Source : commission des finances

Le patrimoine immobilier universitaire se compose aujourd'hui :

- de bâtiments historiques qui, s'ils sont globalement dans un état correct, nécessitent d'importants travaux de mise aux normes (sécurité, accessibilité, etc.) ;

- de constructions datant des années 1960 , qui arrivent souvent en fin de cycle de vie ;

- du bâti issu des deux vagues de constructions lancées dans les années 1990 - les plans « Université 20000 » (1990-1995) et « Université du troisième millénaire » (à compter de 1998), qui a mal vieilli, en raison des choix architecturaux et constructifs réalisés.

Dans ce contexte, et en dépit des investissements réalisés dans le cadre du plan Campus - qui ne concernait, au demeurant, que les deux tiers des surfaces universitaires - force est de constater que le patrimoine immobilier des établissements publics d'enseignement supérieur demeure en grande partie vétuste , même s'il existe de grandes disparités entre les sites.
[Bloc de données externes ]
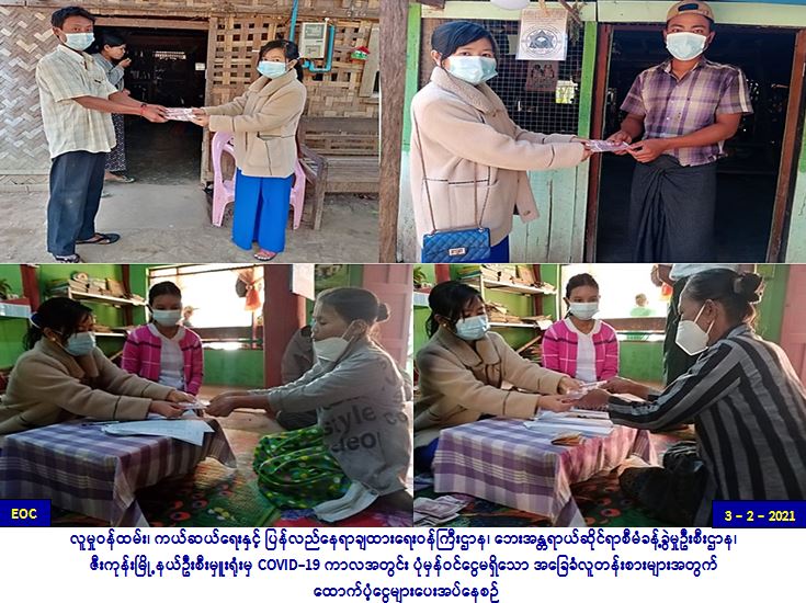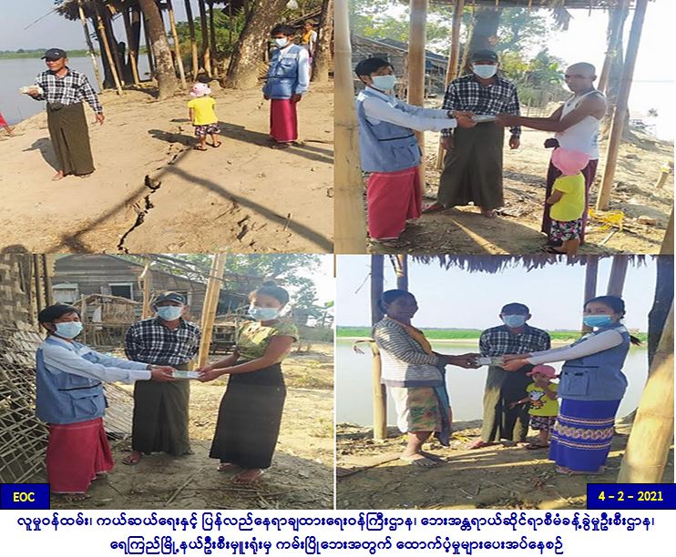 လူမှုဝန်ထမ်း၊ ကယ်ဆယ်ရေးနှင့်ပြန်လည်နေရာချထားရေး ဝန်ကြီးဌာန၊ ဘေးအန္တရာယ်ဆိုင်ရာစီမံခန့်ခွဲမှုဦးစီးဌာန၊ ဇီးကုန်း မြို့နယ်ဦးစီးမှူးရုံးမှ တာဝန်ရှိသူများသည် (၃-၂-၂၀၂၁) ရက်နေ့၌ ပဲခူးတိုင်းဒေသကြီး၊ သာယာဝတီခရိုင်၊ ဇီးကုန်းမြို့နယ်၊ သရက်တပင်ကျေးရွာအုပ်စု၊ ဝက်ကော်အောက်ရှမ်းစုကျေးရွာ၊ ဝက်ကော်အထက်ရှမ်းစုကျေးရွာ၊ ရှားဖြူကုန်းကျေးရွာ၊ အုတ်ဖိုစု ကျေးရွာ၊ ဆင်ကုန်တိုင်ကျေးရွာ၊ သစ်မျှောလေးကျေးရွာနှင့် သစ်မျှောကြီးကျေးရွာတို့တွင် COVID-19 ကာလအတွင်း ပုံမှန် ဝင်ငွေမရှိသော အခြေခံလူတန်းစားထပ်တိုးအိမ်ထောင်စု (၂၁) စုများအား အိမ်ထောင်စု(၁)စုလျှင် (၂၀၀၀၀/-)ကျပ်နှုန်းဖြင့် စုစုပေါင်း (၄၂၀၀၀၀/-)ကျပ်အား မြို့နယ်အထွေထွေအုပ်ချုပ်ရေးဦးစီးဌာနမှ တာဝန်ရှိသူများ၊ ကျေးရွာအုပ်စုအုပ်ချုပ်ရေးမှူး အဖွဲ့နှင့်ပူးပေါင်း၍ ဆောင်ရွက်ခဲ့ပါကြောင်း သတင်းရရှိပါသည်။ #otr #bgo_feb2021 … Read more
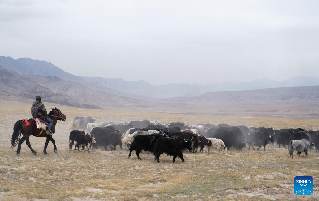 A herder drives his livestock to leave the summer pasture in Dulan County, the Mongolian-Tibetan Autonomous Prefecture of Haixi, northwest China's Qinghai Province, Sept. 9, 2025. Recently, herders in Dulan County have begun their autumn-winter migration. For centuries, herders living in the Qaidam Basin have carried out seasonal migrations twice a year to maintain a balance between the vitality of the grasslands and the growth of their livestock. This year, about 1.23 million head of livestock in Dulan County are expected to take part in migrations, which are scheduled to conclude by mid-October. (Xinhua/Qi Zhiyue)
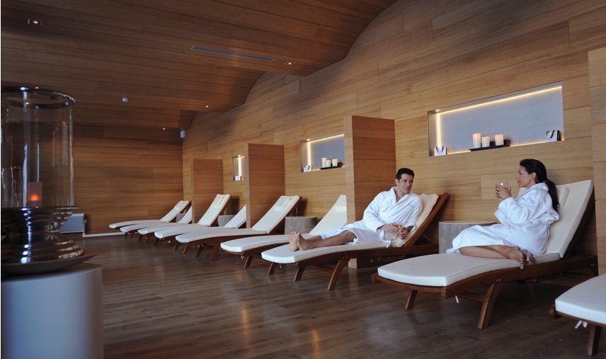 A number of intimate areas with armchairs and coffee tables and access to spacious outdoor terraces.

Ainsi, selon les données issues du référentiel technique pour l'enseignement supérieur et la recherche (RT-ESR) 2 ( * ) , 31 % du bâti universitaire serait actuellement dans un état peu ou pas satisfaisant et 9 % du parc ne répondrait pas aux normes de sécurité des établissements recevant du public (ERP) .
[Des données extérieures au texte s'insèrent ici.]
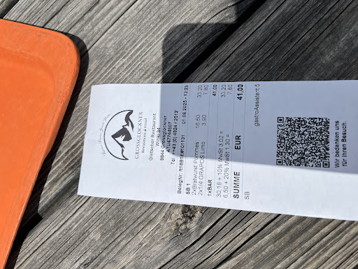 The view towards the glacier and the Grossglockner is amazing. It's self service, we got coffee and cakes. The coffee is made by a machine so nothing special but ok. The cakes were good. Prices are a bit high but this is to be expected. We had the option to pay cash or with a card but on a different cashier. The cashiers have to deal with hundreds of people everyday, there was always a line every time we have been there, so they are indeed stressed and a bit pushy, but they are trying to...
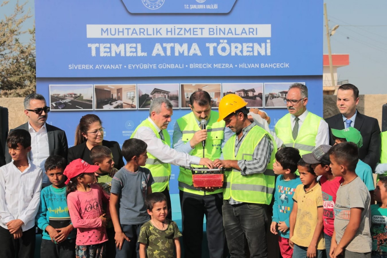 Siverek Ayvanat, Eyyübiye Günbalı, Birecik Mezra, Hilvan Bahçecik bölgelerinde yapılacak olan ve ilk olma özelliği taşıyan muhtarlık hizmet binasının temeli Eyyübiye ilçesi Günbalı kırsal mahallesinde atıldı.
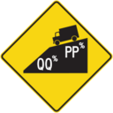 Le panneau «Pente raide descendante» (D-230-7) indique la présence d’une pente dont l’inclinaison est supérieure à 6%.
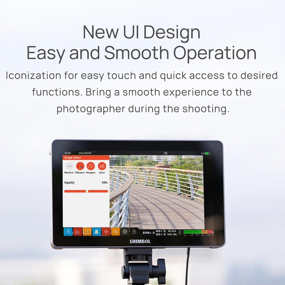 Kameranızı profesyonel izleme araçlarıyla güçlendirin: Shimbol M7 7″ Dokunmatik 4K HDMI/3G-SDI Video Monitör ile 3D LUT çıkışı elde edin. Bu ultra parlak 7″ dokunmatik ekran, 1920 × 1080 çözünürlük, 2000 cd/m² parlaklık ve HDMI üzerinden UHD 4K30’a kadar veya 3G-SDI üzerinden 1080p’ye kadar giriş/çıkış desteği sunar. Monitör, stüdyo veya dış mekan çekimlerinde dayanacak şekilde tam alüminyum gövdeye sahiptir.
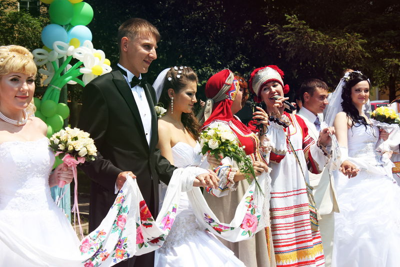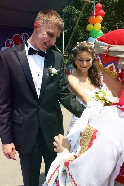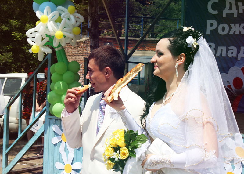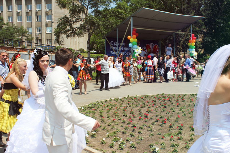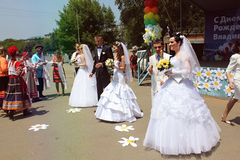 В канун дня Петра и Февронии многие пары решили связать свои отношения брачными узами. Для молодоженов в этот день возле Первореченского ЗАГСа состоялась праздничная программа. Три молодых пары успели и каравай попробовать, и хороводы поводить с гостями, и потанцевать.
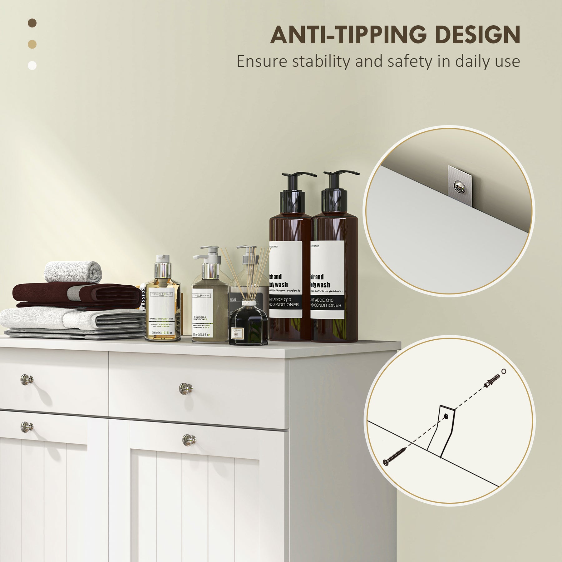 - • Anti-tipping design ensures stability and safety
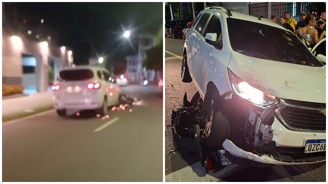 Passavam das 20h quando o acidente aconteceu e vídeos impressionantes publicados nas redes sociais, por outros motoristas e entregadores de delivery, mostram as imagens do carro dirigido pela procuradora, um Chevrolet Spin, branco, placa QZC 6B56, arrastando a motocicleta e produzindo faíscas durante a fuga.
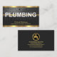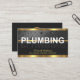A water drop layer is accentuated by gold striped borders at the upper and lower rims of the card. At the centre is the "PLUMBING" signage that has its reflection on its watery surface. Towards the base of the card lies your prestigious name and the contact details in faux gold.
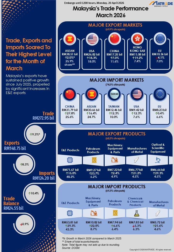 On a quarterly basis, Malaysia's trade expanded 10.4% to RM789.85bil compared with the first quarter of 2025. Exports during the January-March period rose 12.7% to RM426.53bil while imports increased 7.7% to RM363.31bil, resulting in a trade surplus of RM63.22bil.
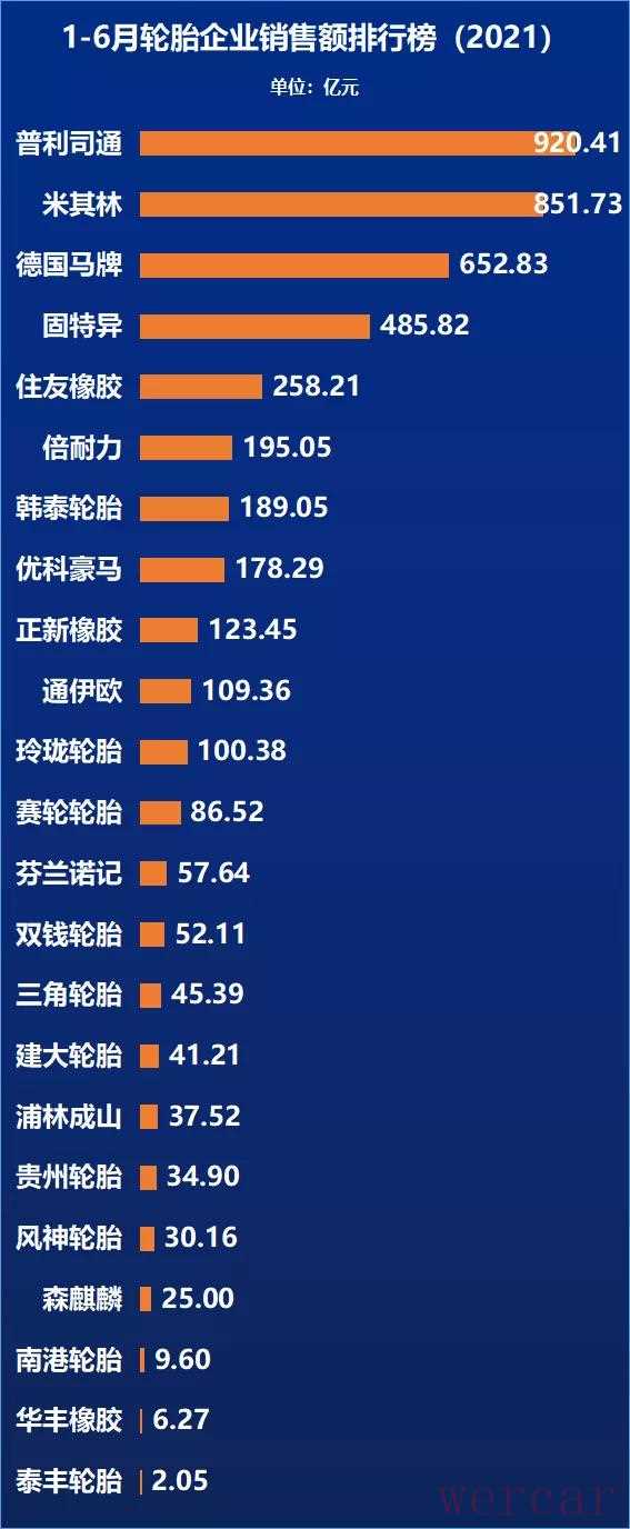 小邦将23家轮胎企业的半年销售额进行对比,普利司通销售额为920.41亿元,米其林为851.73亿元,继续位居全球第一、第二。

État du bâti des établissements publics d'enseignement supérieur en 2019

(en %)

Source : commission des finances, à partir des données de la DGESIP

Le degré de vétusté du parc immobilier présente néanmoins de fortes disparités en fonction des régions . Ainsi, près de trois quarts des bâtiments sont dans un état satisfaisant dans les régions Grand-Est, Nouvelle Aquitaine, Bourgogne-Franche-Comté et Centre-Val-de-Loire, qui comptabilisent un quart du parc immobilier total. En revanche, la proportion du bâti dans un bon état dépasse à peine les 50 % en Auvergne-Rhône-Alpes, en Normandie et dans les régions d'Outre-Mer, ces trois régions représentant près d'un cinquième du parc immobilier universitaire (19,7 %). Enfin, en Ile de France, en Corse et en PACA, les résultats ne sont pas significatifs en raison de la faible complétude des données ou de données erronées.
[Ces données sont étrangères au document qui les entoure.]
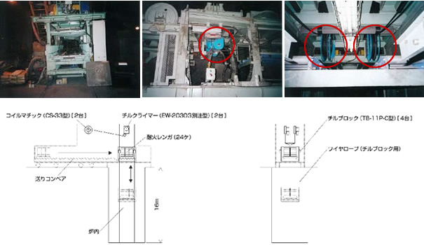 能力2.5tの吊り降ろし用昇降装置にチルクライマーEW-2030G別注型(能力2t)が2台、ワイヤロープの巻き取りにコイルマチックCS-33型(能力30m)が2台使用され、耐火レンガを積んだパレット(約1.2t)を炉内に降ろす作業を安全に行っています。
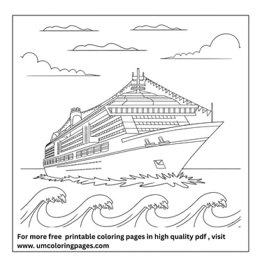 Cruise Ship Coloring Pages – Enjoy cruise ship coloring pages with free printable PDFs, perfect for kids who love big ships, ocean travel, and sea adventures.
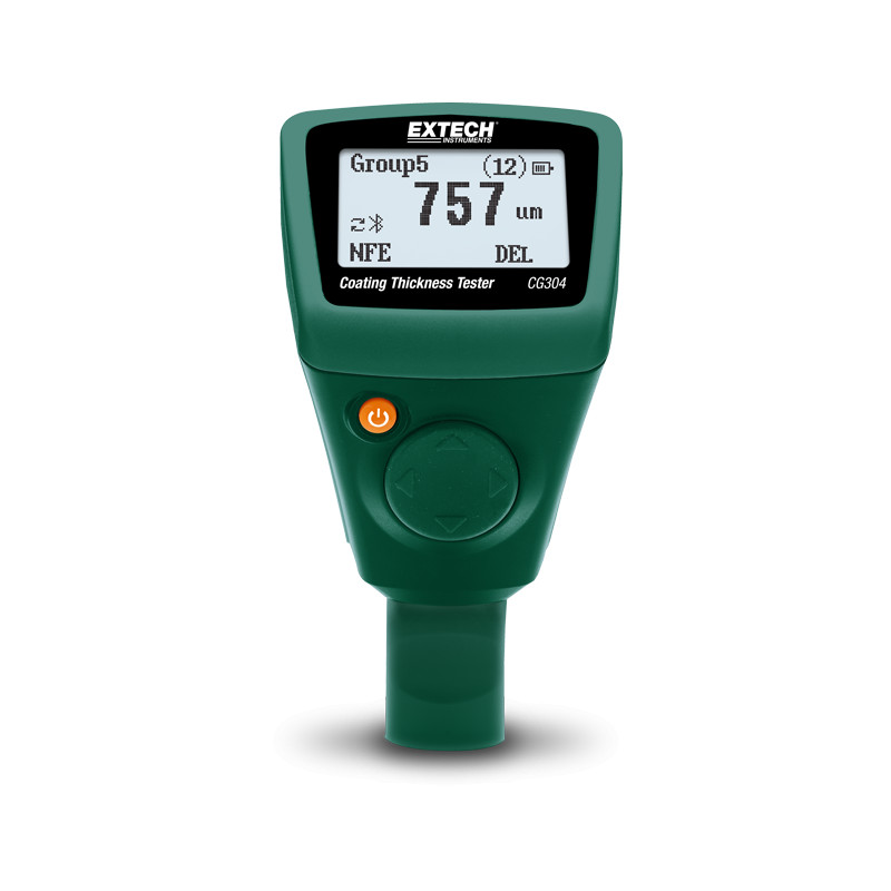 Extech CG304 je profesionální, nedestruktivní měřič tloušťky nátěrů vhodný pro železné (feromagnetické) i neželezné (neferomagnetické) podklady. Přístroj automaticky rozpoznává typ materiálu a pomocí technologie magnetické indukce nebo vířivých proudů měří tloušťku vrstvy. Naměřená data je možné bezdrátově přenášet do počítače přes Bluetooth® rozhraní pro další analýzu a vytváření protokolů.

Surface utile et état du bâti par région

(en % de la surface utile totale et en % du bâti régional)

Source : commission des finances, à partir des données de la DGESIP

Indépendamment du vieillissement constaté, la plupart des bâtiments construits dans les années 1960 présentent également de très faibles niveaux d'efficacité énergétique , dans la mesure où ils n'ont pas connu de travaux significatifs de remise à niveau depuis leur édification. Ainsi, toujours selon les données issues du RT-ESR 3 ( * ) , 38 % des surfaces universitaires sont classées en étiquette énergie D, tandis que 21 % du bâti est considéré comme étant très énergivore (avec une étiquette énergie E, F ou G) .

Classe énergie des surfaces universitaires en 2018

(en %)

Source : commission des finances, à partir des données de la DGESIP

Partant, la consommation d'énergie finale des universités s'élevait en 2020 à 631 000 000 kilowattheures, soit une consommation moyenne de 166 kilowattheures par mètre carré SUB et par an, ce qui classe l'ensemble du parc immobilier en étiquette énergie D . L'énergie représenterait ainsi un coût annuel de 57 millions d'euros pour les universités, soit une dépense de l'ordre de 15 euros par mètre carré SUB.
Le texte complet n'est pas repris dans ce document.